• _Supplied data_:
************
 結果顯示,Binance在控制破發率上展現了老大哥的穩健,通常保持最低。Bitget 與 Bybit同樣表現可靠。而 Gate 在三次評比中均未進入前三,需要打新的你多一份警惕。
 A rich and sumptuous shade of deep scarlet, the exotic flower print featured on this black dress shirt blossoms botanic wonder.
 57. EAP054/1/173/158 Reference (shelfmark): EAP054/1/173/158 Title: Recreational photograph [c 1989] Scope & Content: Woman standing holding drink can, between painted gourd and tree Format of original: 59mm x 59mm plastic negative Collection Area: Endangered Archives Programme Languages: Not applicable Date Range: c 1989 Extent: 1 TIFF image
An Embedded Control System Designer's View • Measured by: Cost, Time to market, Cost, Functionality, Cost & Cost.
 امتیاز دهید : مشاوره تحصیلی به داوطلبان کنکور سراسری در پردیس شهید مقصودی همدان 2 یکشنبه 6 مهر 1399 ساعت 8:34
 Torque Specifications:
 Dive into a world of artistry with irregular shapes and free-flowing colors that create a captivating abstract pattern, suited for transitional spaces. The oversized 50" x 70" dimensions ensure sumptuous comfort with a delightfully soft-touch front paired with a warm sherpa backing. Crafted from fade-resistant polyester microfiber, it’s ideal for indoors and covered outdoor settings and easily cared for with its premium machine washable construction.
************
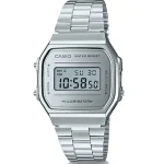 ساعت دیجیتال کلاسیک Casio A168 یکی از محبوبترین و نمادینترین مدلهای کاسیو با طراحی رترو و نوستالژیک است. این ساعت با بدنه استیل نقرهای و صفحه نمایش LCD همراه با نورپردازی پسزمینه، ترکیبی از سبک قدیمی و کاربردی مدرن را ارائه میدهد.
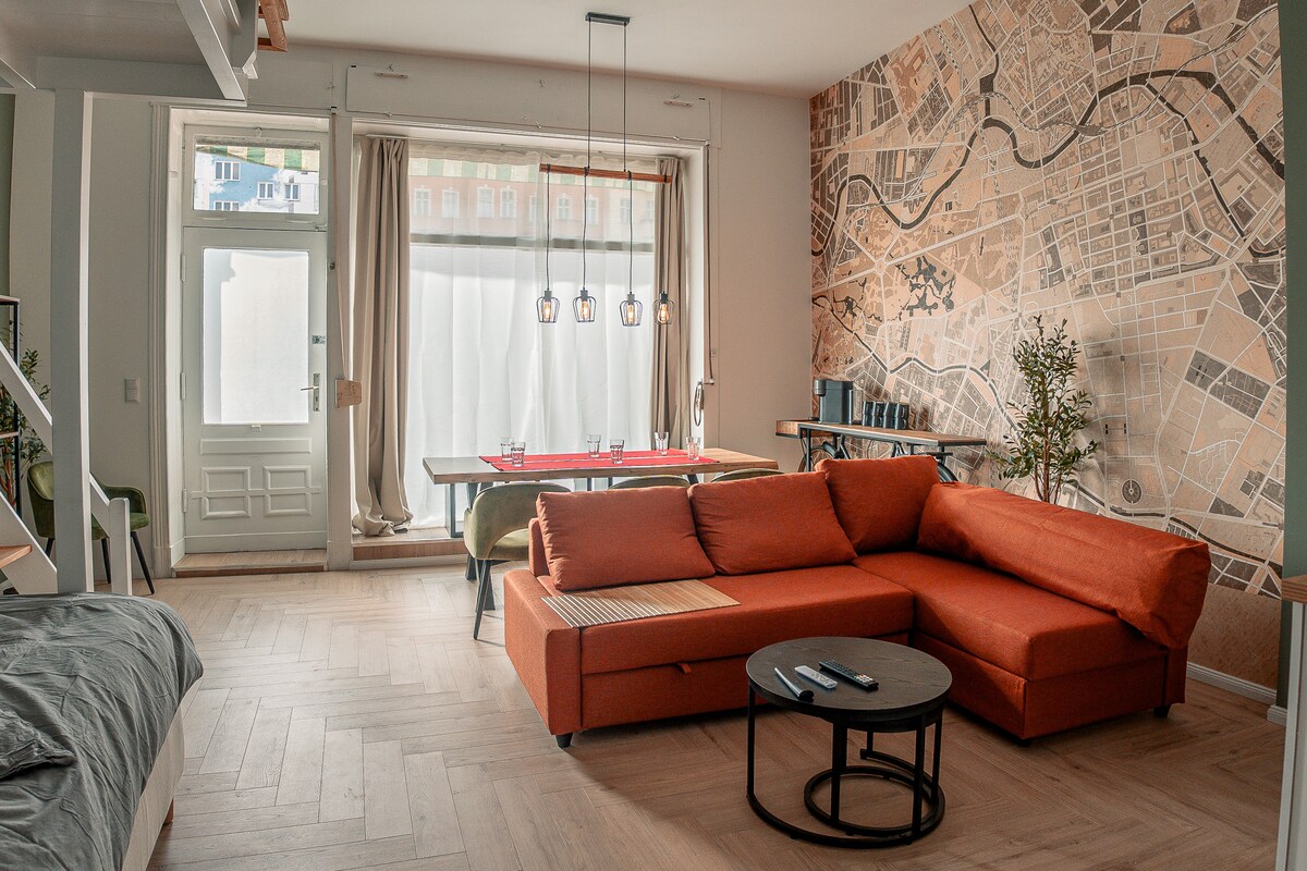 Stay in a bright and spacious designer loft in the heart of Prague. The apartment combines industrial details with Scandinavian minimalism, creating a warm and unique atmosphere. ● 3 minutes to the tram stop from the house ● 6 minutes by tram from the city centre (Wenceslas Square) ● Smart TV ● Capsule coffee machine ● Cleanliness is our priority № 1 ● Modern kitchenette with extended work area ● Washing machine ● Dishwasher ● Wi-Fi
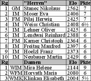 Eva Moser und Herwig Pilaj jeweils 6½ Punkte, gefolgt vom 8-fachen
************
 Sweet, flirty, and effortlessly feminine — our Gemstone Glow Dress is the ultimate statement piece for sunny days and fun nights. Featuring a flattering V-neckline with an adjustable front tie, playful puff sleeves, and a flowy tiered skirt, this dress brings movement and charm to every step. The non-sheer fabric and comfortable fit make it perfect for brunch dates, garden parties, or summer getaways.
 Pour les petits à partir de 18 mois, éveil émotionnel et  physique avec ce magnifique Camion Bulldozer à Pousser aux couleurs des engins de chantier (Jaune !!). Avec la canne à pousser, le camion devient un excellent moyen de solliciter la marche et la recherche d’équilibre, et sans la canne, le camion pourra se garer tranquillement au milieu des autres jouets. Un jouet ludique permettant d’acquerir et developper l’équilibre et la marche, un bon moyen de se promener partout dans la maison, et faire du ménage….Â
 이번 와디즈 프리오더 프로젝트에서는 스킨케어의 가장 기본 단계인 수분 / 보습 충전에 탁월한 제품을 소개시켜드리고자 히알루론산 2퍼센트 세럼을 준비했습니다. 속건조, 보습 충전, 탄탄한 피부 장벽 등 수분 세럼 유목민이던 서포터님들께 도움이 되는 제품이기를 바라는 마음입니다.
************
When the line with "A rich and sumptuous" is reached in the data above, begin copying, and stop after the line with "Dive into a"; copy each line exactly, both ends included.

 A rich and sumptuous shade of deep scarlet, the exotic flower print featured on this black dress shirt blossoms botanic wonder.
 57. EAP054/1/173/158 Reference (shelfmark): EAP054/1/173/158 Title: Recreational photograph [c 1989] Scope & Content: Woman standing holding drink can, between painted gourd and tree Format of original: 59mm x 59mm plastic negative Collection Area: Endangered Archives Programme Languages: Not applicable Date Range: c 1989 Extent: 1 TIFF image
An Embedded Control System Designer's View • Measured by: Cost, Time to market, Cost, Functionality, Cost & Cost.
 امتیاز دهید : مشاوره تحصیلی به داوطلبان کنکور سراسری در پردیس شهید مقصودی همدان 2 یکشنبه 6 مهر 1399 ساعت 8:34
 Torque Specifications:
 Dive into a world of artistry with irregular shapes and free-flowing colors that create a captivating abstract pattern, suited for transitional spaces. The oversized 50" x 70" dimensions ensure sumptuous comfort with a delightfully soft-touch front paired with a warm sherpa backing. Crafted from fade-resistant polyester microfiber, it’s ideal for indoors and covered outdoor settings and easily cared for with its premium machine washable construction.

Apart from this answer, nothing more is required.